I felt I should post something because I'm a bit happier. I vomited my feelings about life and its uncertainties to Nick the other day and it really helped. Still, though, I'm having some nights...
I started Physics on Tuesday. I told Nick that I thought Physics was sort of poetic, but he doesn't really get it as he has never taken Physics. This is what I mean:
"Everything pulls on everything else in a beautifully simple way that involves only mass and distance. According to Newton, every body attracts every other body with a force that, for any two bodies, is directly proportional to the product of their masses and inversely proportional to the square of the distance separating them."Everything pulls on everything else... Something about that is so very beautiful.
Everyone thought I was insane for taking Physics--especially since, to finish my degree, I can take literally whatever I feel like. What can I say? University of Phoenix was offering it for, like, $800 cheaper than most of their other classes...
Though, at this point, there was almost no use in me taking online classes. LFCC would've been way cheaper. I haven't yet relocated, and probably won't until after January. However, the demands on my time for an online class are far less, so whatever.

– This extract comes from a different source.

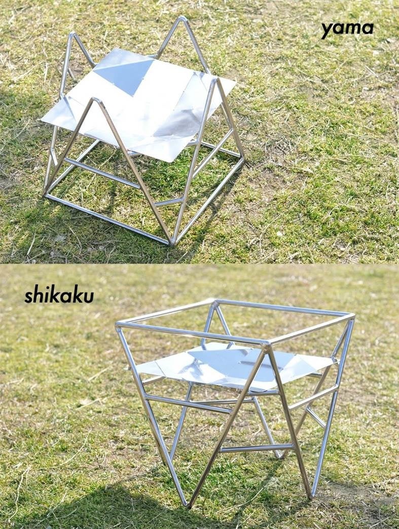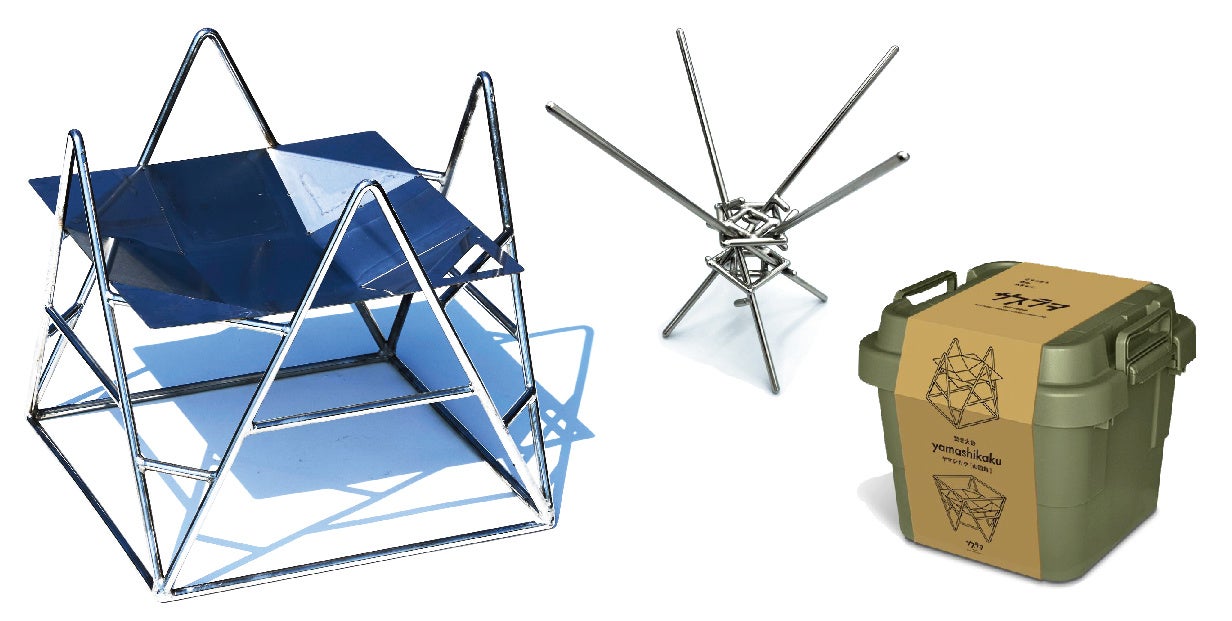愛知の町工場が作ったアウトドアブランド「サスラヲ」よりALLステンレスの頑丈な焚き火台「yamashikaku」と簡単に薪が立てられる「makitate」を発売。

I don't care: what's done is done.
For a while, I was wondering and worry about "shoulds" or "shouldn'ts" and trying to point myself towards what needed to be. Sometimes, I caught glimpses of it, but I feel so hopelessly bogged down in the confusion of everything that all I can really do is throw up my hands and look around at where I
am. I'm just here. I don't care; I'm just going to live for a while.
You can reach in and pull me up if You think I'm sinking. I lost the precise sound of Your voice a while ago...
It's ok, though. I think it's just temporary disorientation.